Governor Austin, in his inaugural address of 1870, went no further than to ask the attention of the legislature to the complaints of railroad extortions and discriminations, and the use of the constitutional powers possessed by it for their abatement. His first annual message, delivered one year later, is a notable document in the literature of railroad regulation. It may be questioned whether there was another state executive in the country ready at that time to nail any such array of theses on the doors of the capitol. His propositions, briefed out of his text, were: 1. All special railroad charters not put into operation within ten days after consummation, to be void. 2. Every railroad corporation doing business within the state to maintain a public office within the state, and keep therein records of the officials, capitalization, assets, and liabilities. 3. No new road to be built parallel to an existing road. 4. All railroads in the state to be public highways free to all persons for transportation at reasonable charges. 5. No railroad company to issue any stocks and bonds except for money, labor, or property actually received and applied to the purposes of the corporation; all fictitious stocks and bonds to be void, and no increase of either, unless in a manner prescribed by law. 6. The state’s right of eminent domain to apply to railroad as to other property. 7. Adequate penalties, extending if deemed necessary to forfeiture of property and franchise, to be provided for unjust discrimination or extortion. 8. Finally, the creation of a national railroad commission for the regulation of commerce by rail and otherwise among the several states.

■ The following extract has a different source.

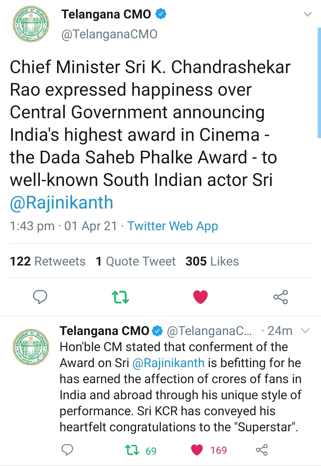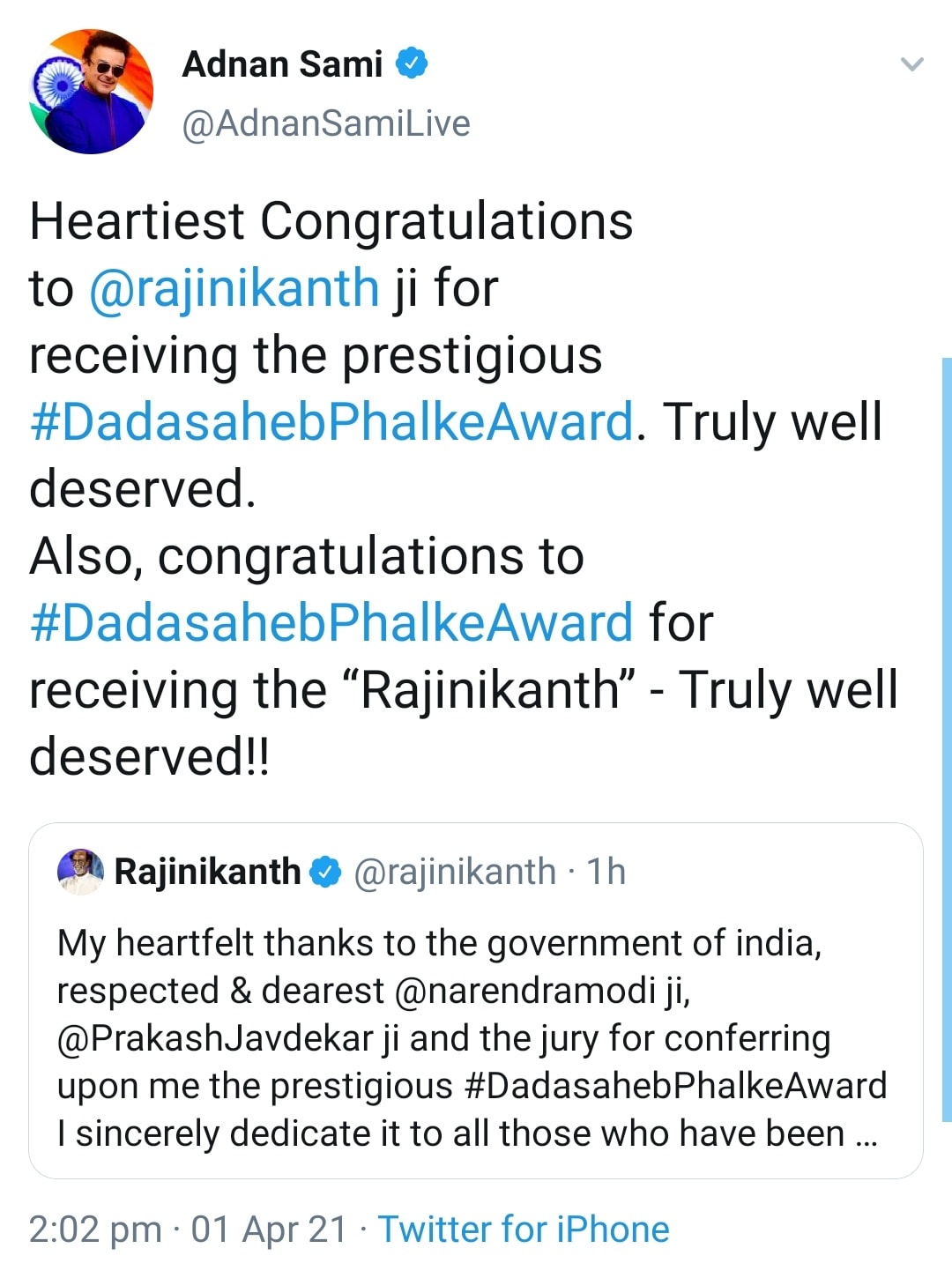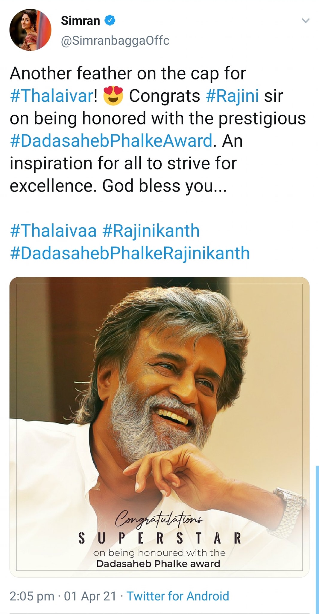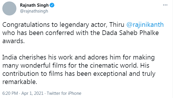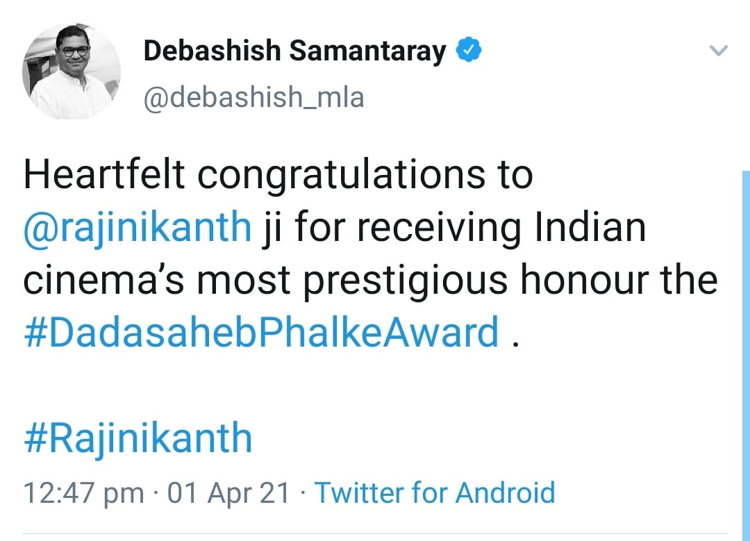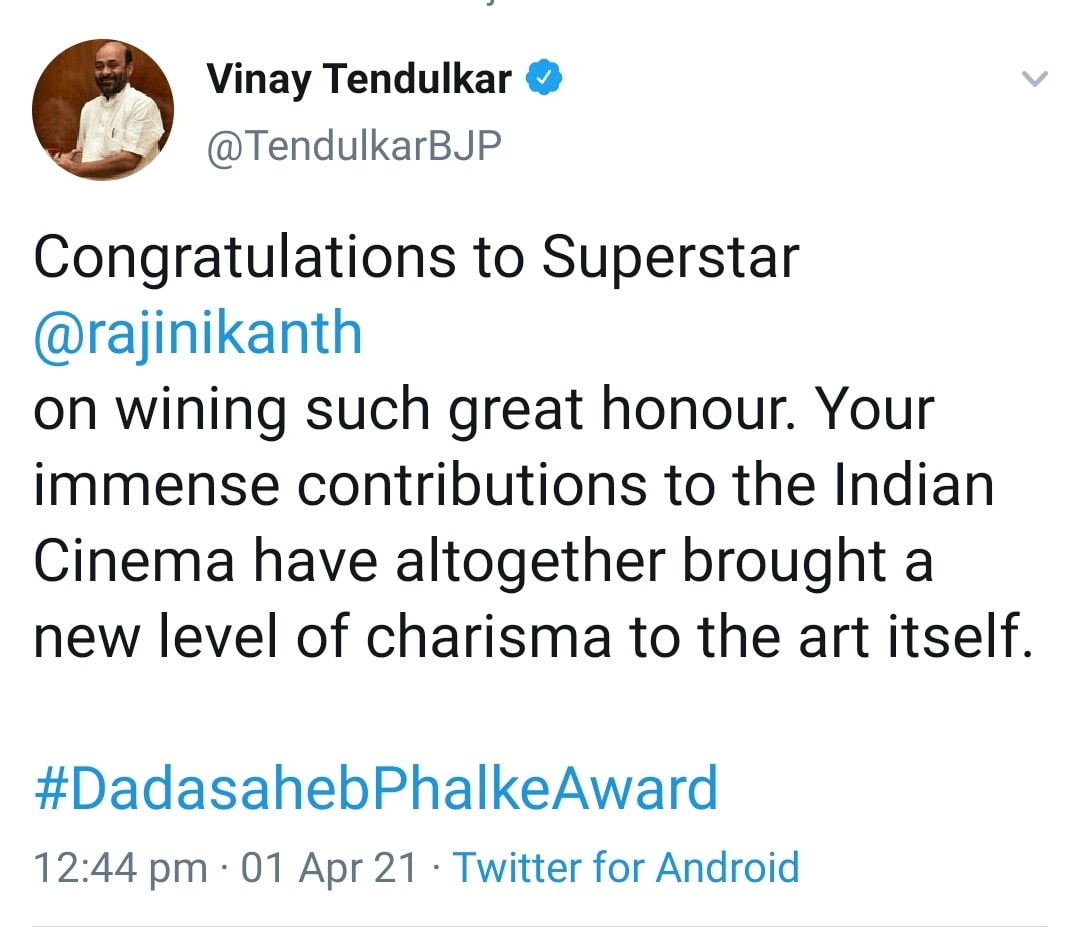 அதிலும் பிரதமர் நரேந்திர மோடி, மணிப்பூர் முதல்வர் பிரென் சிங், கர்நாடக முதல்வர் எடியூரப்பா ஆகியோர் ரஜினியை தலைவர் என்றே குறிப்பிட்டு வாழ்த்தியது பெரும் கவனத்தை ஈர்த்துள்ளது !!!

It is remarkable that the same legislature which passed the 500,000 acre land grab also enacted one of the first and most stringent acts for railroad regulation. It is chapter 24 of the General Laws of 1871. It classified all freight and fixed a maximum rate for each of the five classes, according to distance. It determined a maximum passenger fare of five cents per mile. It declared all railroads in the state to be public highways, and fixed a penalty of $1000 for every denial of the right of any person to travel or ship goods at the prescribed rates. The law finally declared the rates therein established to be “maximum reasonable rates,” and any corporation demanding or receiving more should, on conviction, forfeit its charter.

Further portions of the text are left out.